Houri, 60, a retired government employee in Tehran, said that with her fixed income, she had to think twice before engaging in once-routine activities like visiting her sister across town. Two round-trip taxi rides a week, she said, and a third of her pension is gone. At increasingly rare family gatherings, the once-lavish spreads have dwindled to tea and simple cookies.

“We are getting by with a lot of difficulty,” she said. “Every supermarket trip is a struggle.”

The accelerating misery — and the ever-bleaker prospects — have led to an exodus of people from Iran. Though well-educated Iranians had been leaving the country ever since the 1979 Islamic Revolution, the trend accelerated amid the recession and the Covid-19 pandemic. Medical workers and young Iranians who left to study abroad and stayed there were especially likely to abandon Iran.

As the new sanctions bit, Iran’s leaders remained defiant, declaring the advent of a “resistance economy” that would make the country more self-sufficient and less reliant on imports and oil sales. The government invested in domestic industries, urging Iranians to buy local. It also continued to evade sanctions by selling its oil to China at a discounted rate.

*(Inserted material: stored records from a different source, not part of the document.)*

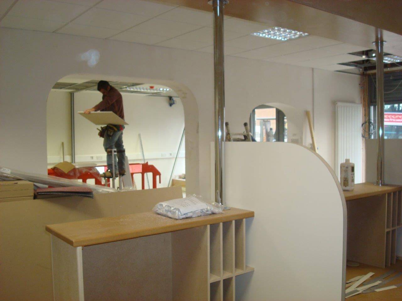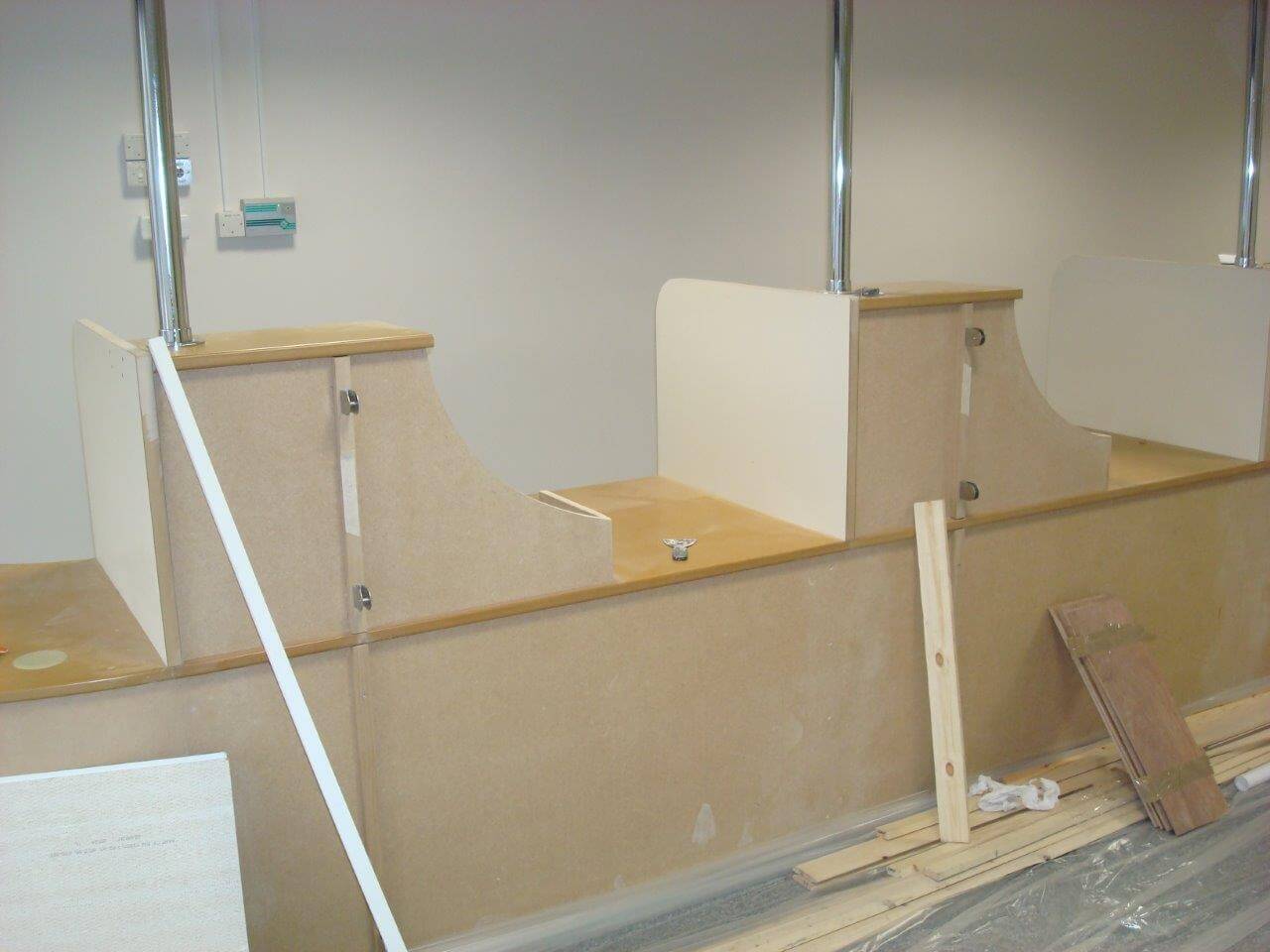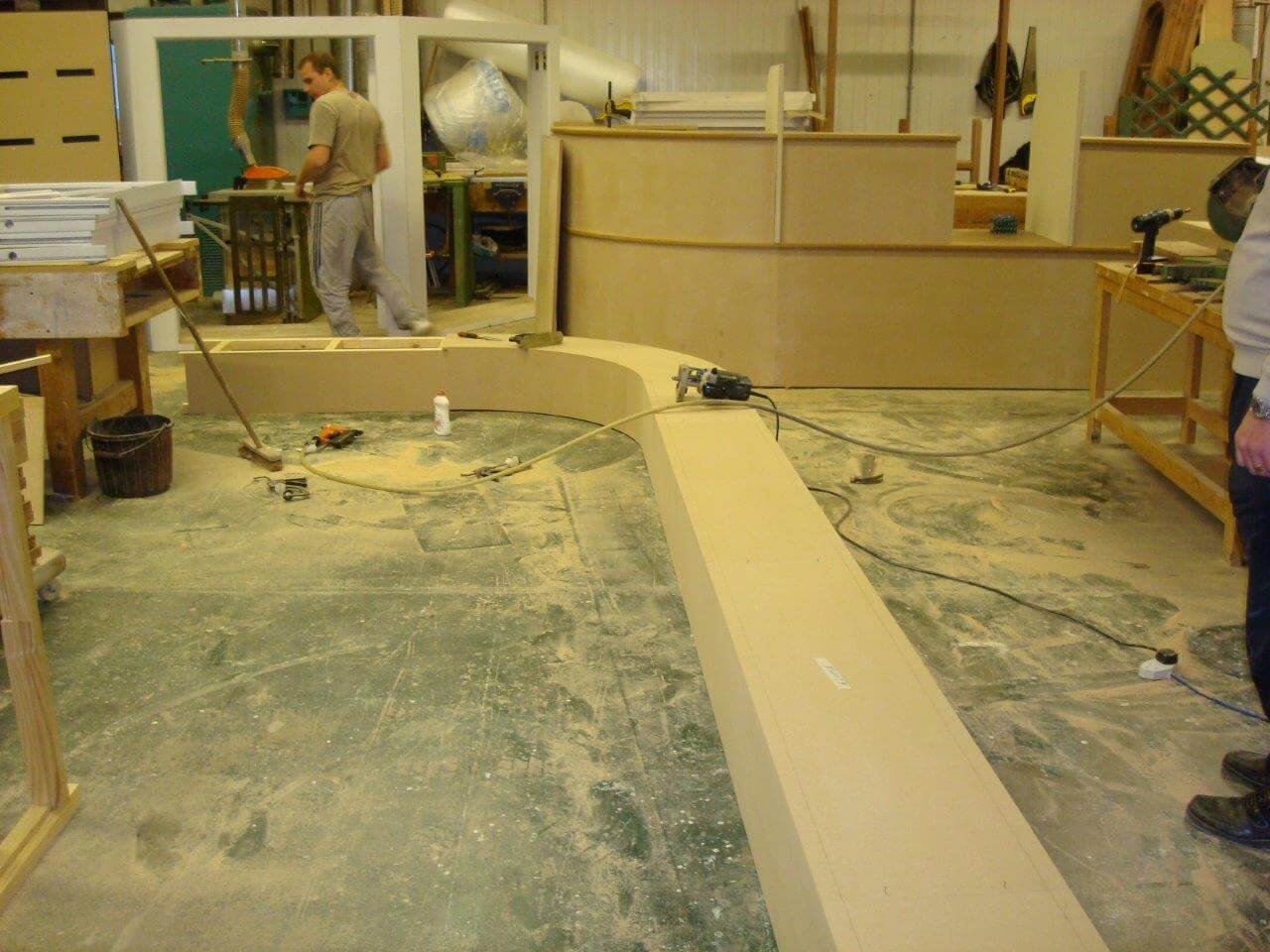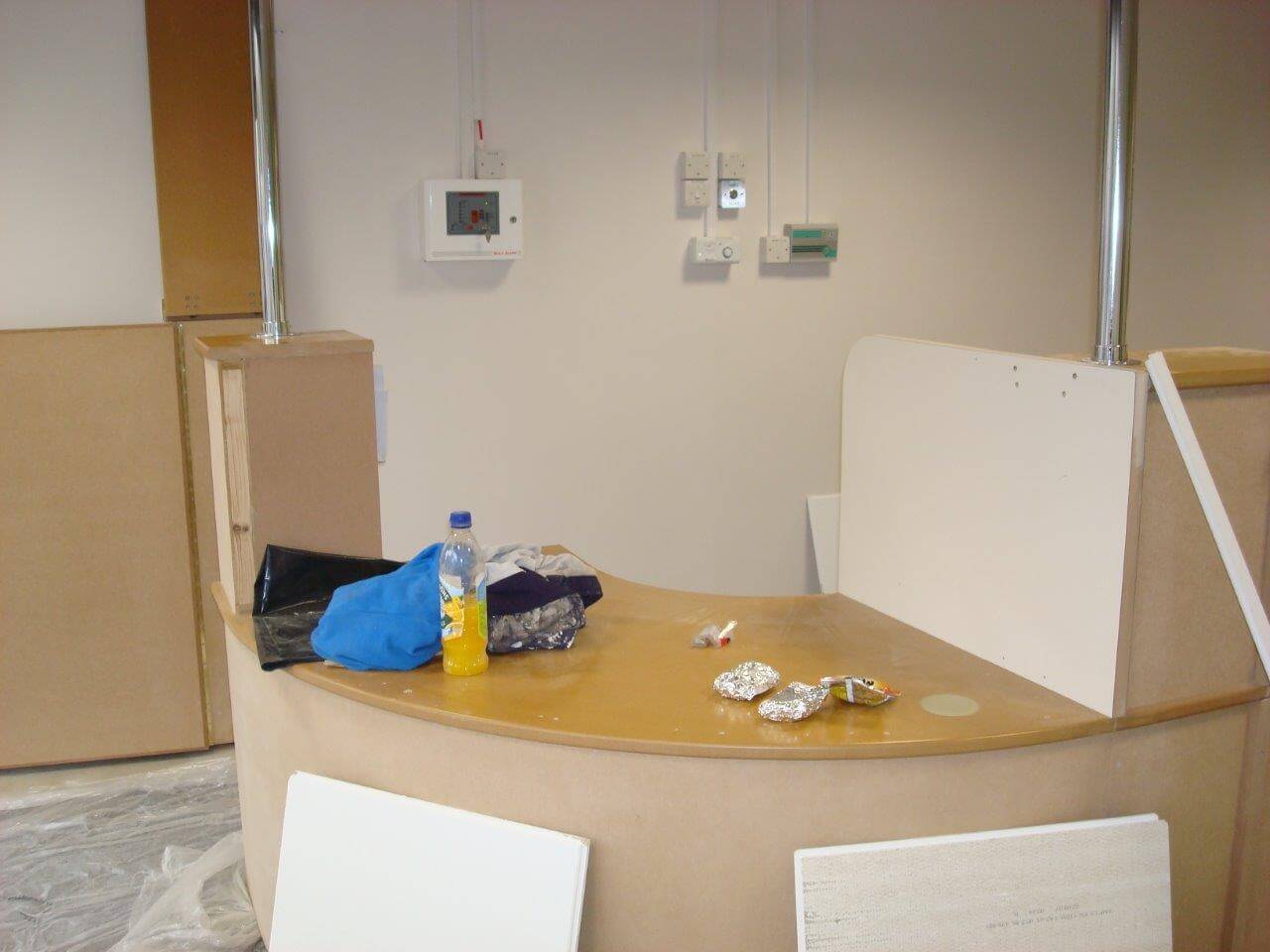 The way to make this size of reception desk is to make it off site in the workshop and then assemble it on site.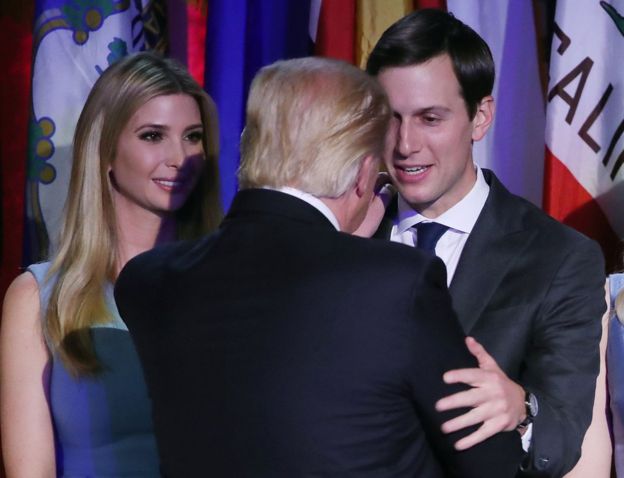 Ông Trump đă bổ nhiệm con rể, nhà phát triển bất động sản Jared Kushner, làm cố vấn cấp cao. Một số người nói rằng việc bổ nhiệm này khiến Kushner, 36 tuổi, có thể trở thành người con rể tổng thống quyền lịch nhất trong lịch sử Mỹ.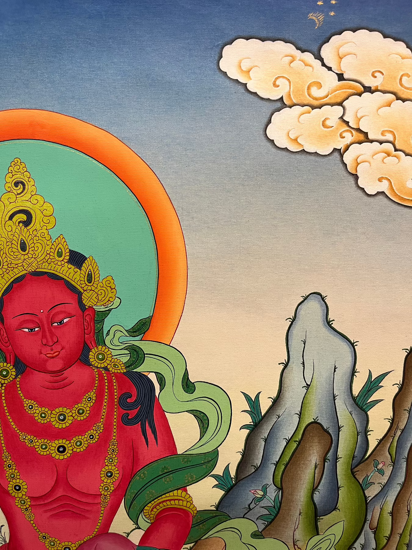 This is an original Handpainted Thangka Painting of Red Tara. Red Tara is highly regarded in Tibetan Buddhism as a powerful and revered deity, representing both compassion and protection. Thangka paintings featuring Red Tara are not just visually stunning; they also serve as powerful spiritual instruments, meant to instill devotion, enhance inner strength, and call upon Tara’s blessings for safeguarding and metamorphosis.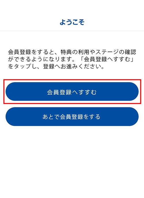「会員登録へすすむ」をタップする。
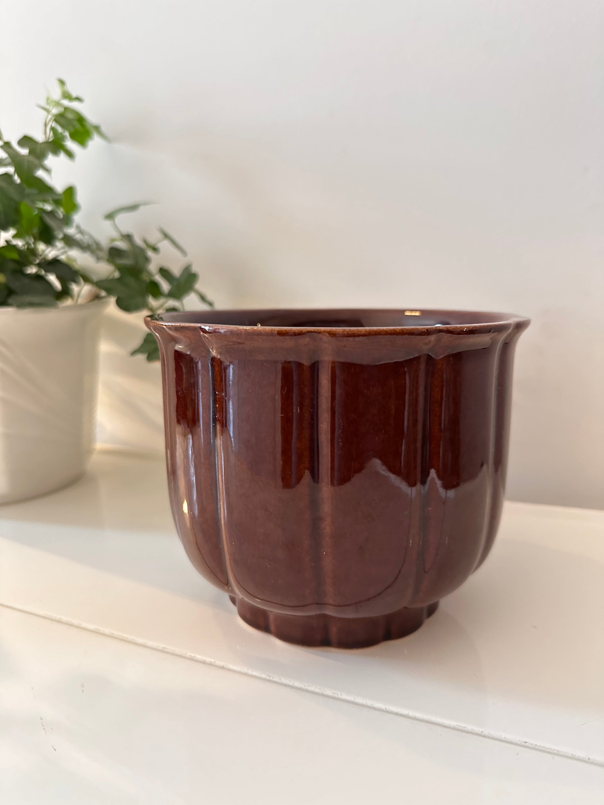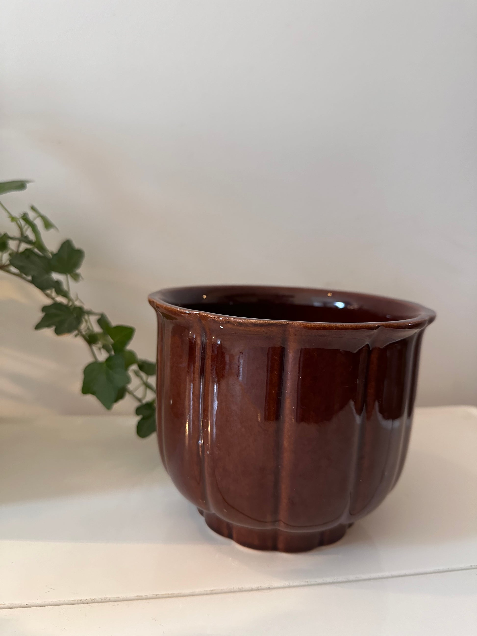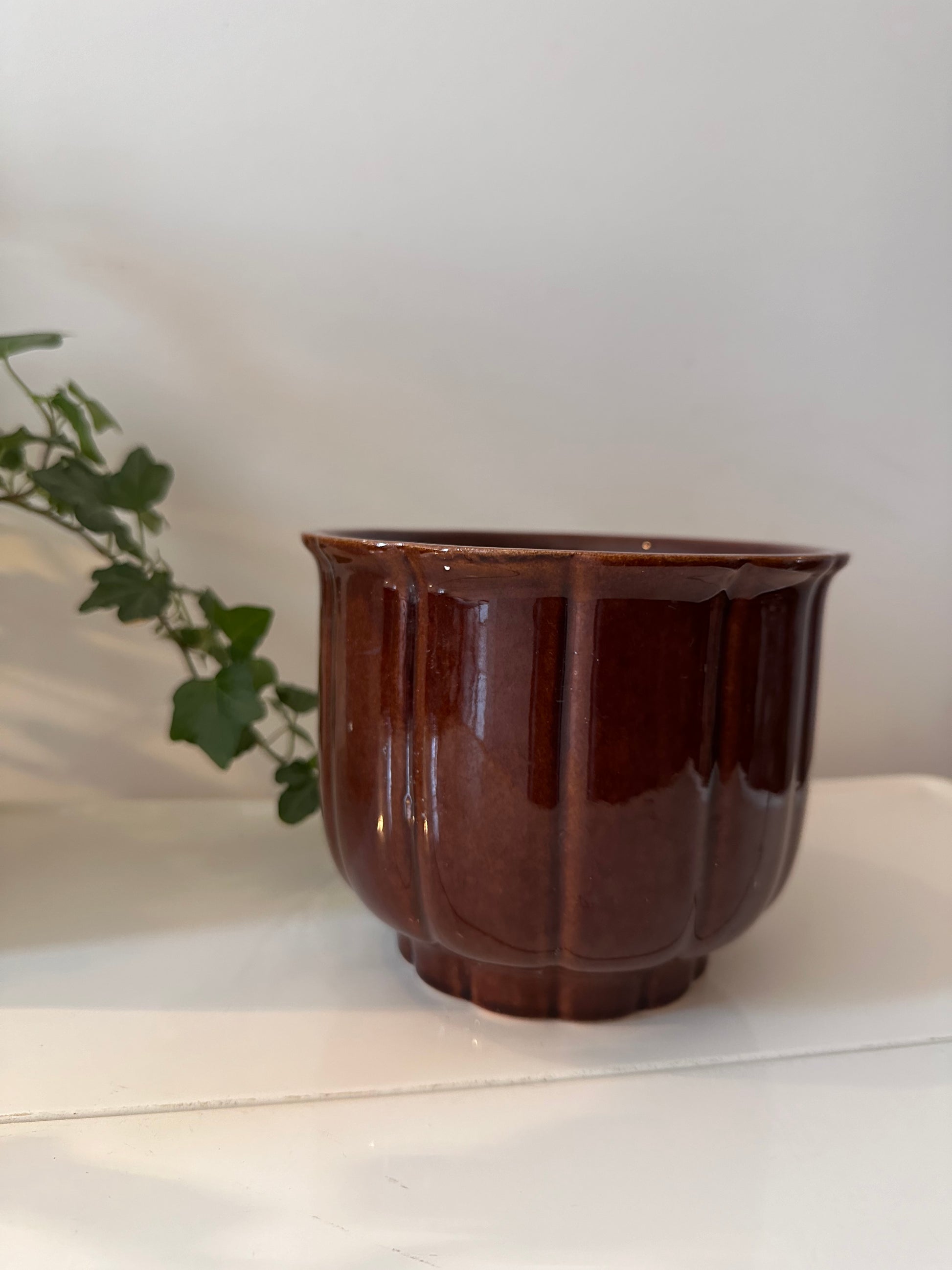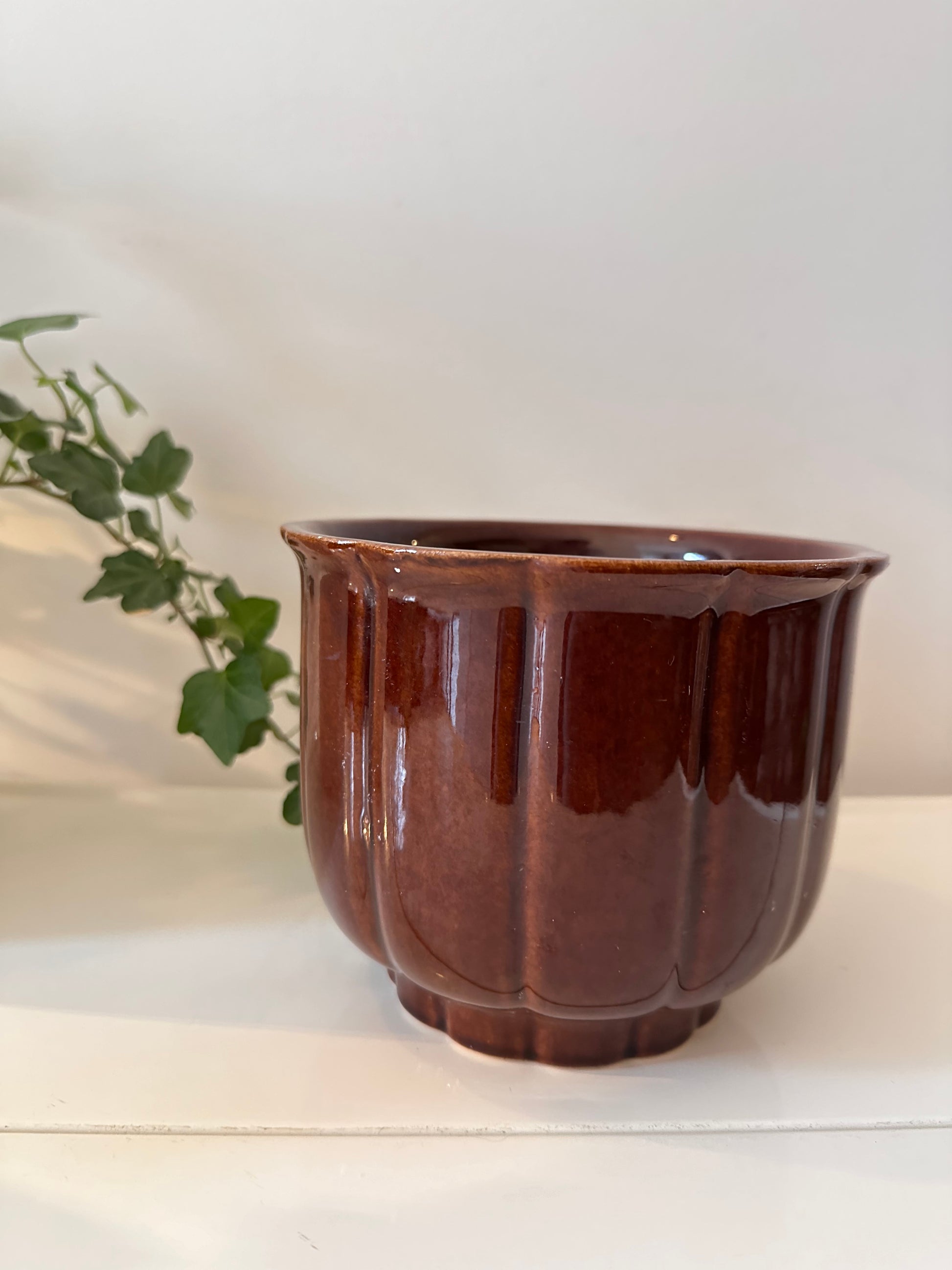 Een echte jaren 70 bloempot van West Germany. Kleur bruin, pot is geglazuurd. Bloempot is gemerkt onder. Afmetingen hoog 13 cm breed 15 cm

Such measures helped the economy stagger to its knees, growing more than 4 percent in 2021. Inflation has slowed slightly in recent months.

But for many Iranians, that has done little to offset years of turmoil and suffering. Many have lost faith in the system as successive rounds of elections have failed to deliver the political, economic and social reforms they have demanded, leaving protest their only option.

President Ebrahim Raisi, an ultraconservative who took office last year after an election in which most other viable candidates were disqualified, promised to lower inflation to the single digits within a few years, jump-start growth and create nearly two million jobs by March 2023. His “economic surgery” plan, many economic analysts say, has led to more inflation and a reduction in purchasing power.

To analysts, and many Iranians, one way to improve the economy seemed clear: Revive the nuclear agreement with the West.

But with Iran and the United States still haggling over terms, it remains unclear whether a deal will ever be reached. Every announcement of progress or deadlock in the talks causes fluctuations in the currency, a barometer of Iranian optimism.

Analysts say a new agreement would quickly benefit the country: billions of dollars of oil revenue abroad would be unfrozen, and its oil and gas could be sold on global markets again. But for ordinary Iranians, economic prosperity would still require overcoming systematic mismanagement and corruption.

Some in Tehran argue that the advantages of a deal are worth seizing, especially at a time when Iran has shown it can withstand harsh sanctions. But the government appears to be in no rush to strike a deal without securing significant concessions.

“What the nuclear deal would do is deliver some really clear benefits economically, and give the government a significant amount of breathing space,” said Henry Rome, the deputy head of research at the risk consulting firm Eurasia Group, who specializes in Iran. But, he said, Iran “is trying to make do without it, and, predictably, that’s having pretty significant costs, even if they’re able to muddle through for the time being.”

In the meantime, ordinary Iranians are enduring the pain.

In the past year or so, protests have erupted over water shortages in Isfahan and Khuzestan and over the price of staples like pasta, bread and cooking oil. (Those ended only when the government hastily began handing out cash.) Teachers, public sector workers, bus drivers and bazaar merchants have all protested over pensions, payments or prices in the last year.

When news broke of Ms. Amini’s death, many Iranians were ready, once again, to protest.